Opinião|Como relações de poder alteram nosso comportamento


Estudo tornou possível medir as diferenças de poder entre pares de indivíduos e quantificar como essa diferença altera o comportamento e o resultado da interação

Por Fernando Reinach

Numa relação entre duas pessoas, sempre que existe uma assimetria no acesso a um bem, se cria uma relação de poder. Pode ser dinheiro, hierarquia ou mesmo conhecimento. Relações de poder afetam a interação entre pessoas e têm consequências práticas: são os casos de abuso econômico, coerção, discriminação racial, abuso sexual, favorecimento, e uma enorme lista de possibilidades que todos vivenciamos por experiencia própria.

A propensão de exercer o poder parece ser uma característica do ser humano, difícil de ser alterada. Apesar de existir um número enorme de estudos que descrevem esses comportamentos, não existem estudos que medem diretamente como o poder altera o comportamento e afeta o resultado de uma interação.
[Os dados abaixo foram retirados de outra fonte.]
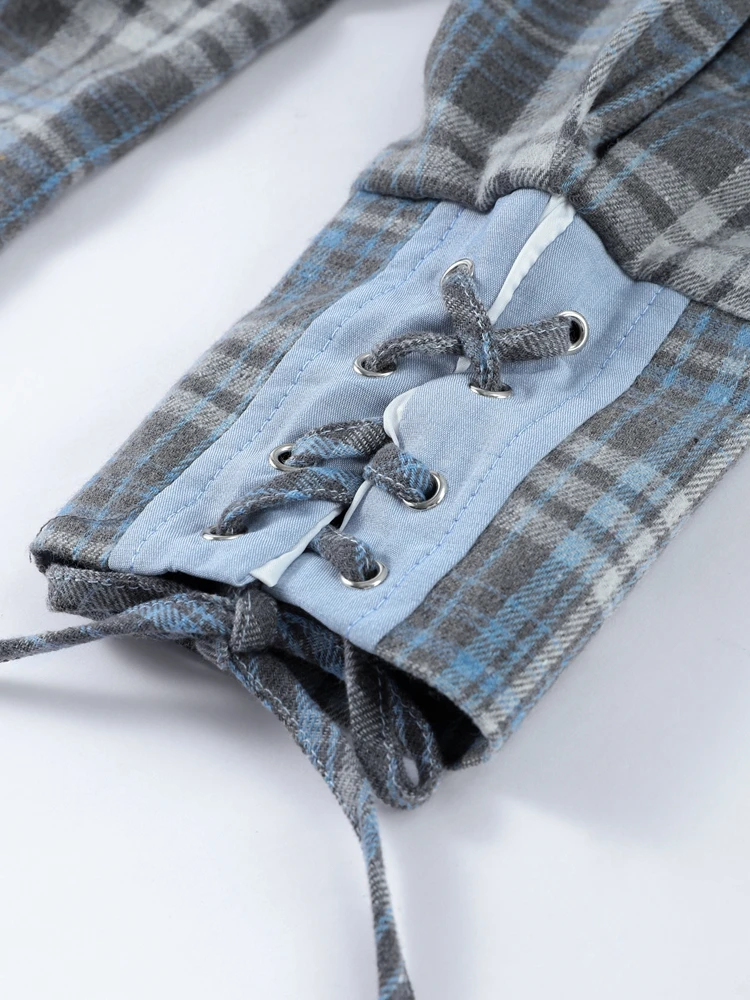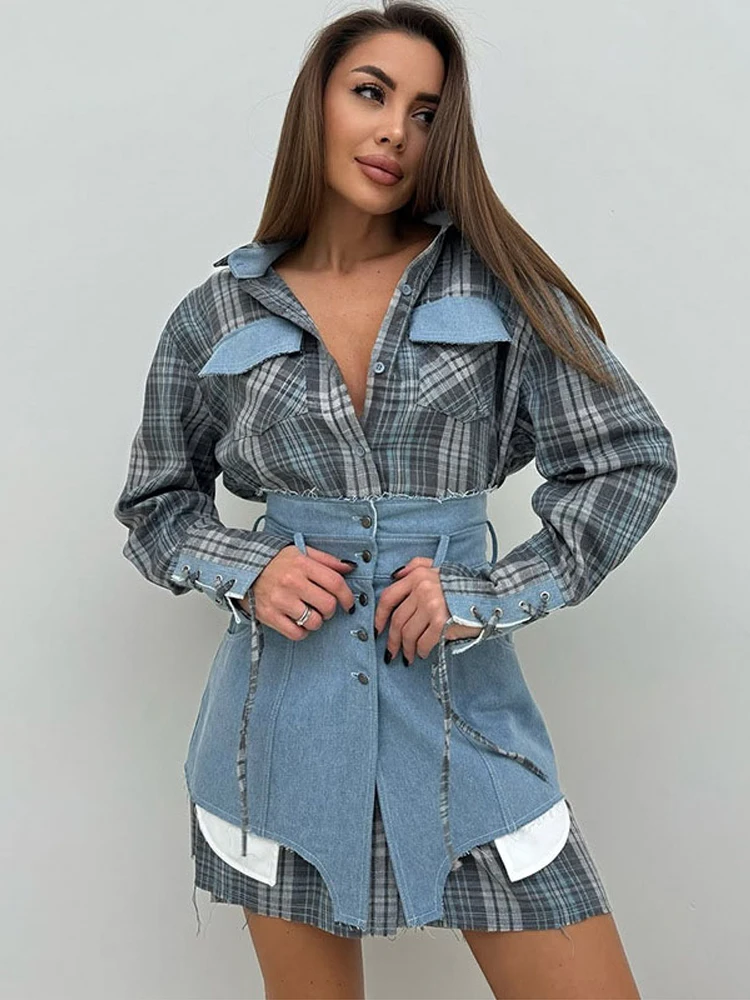 Zaskakujące połączenie koszuli w kratę z dżinsową spódnicą łączy różne style w jedną przyciągającą wzrok stylizację. Dzięki temu z łatwością stajesz się centrum uwagi w świecie mody. -

A novidade é um estudo em que foi possível medir as diferenças de poder entre pares de indivíduos e quantificar como essa diferença altera o comportamento e o resultado da interação. O estudo foi feito no sistema de atendimento de emergências de saúde do Exército norte-americano. Esse sistema só atende pacientes que são membros do Exército e todos os médicos do sistema também são membros do Exército.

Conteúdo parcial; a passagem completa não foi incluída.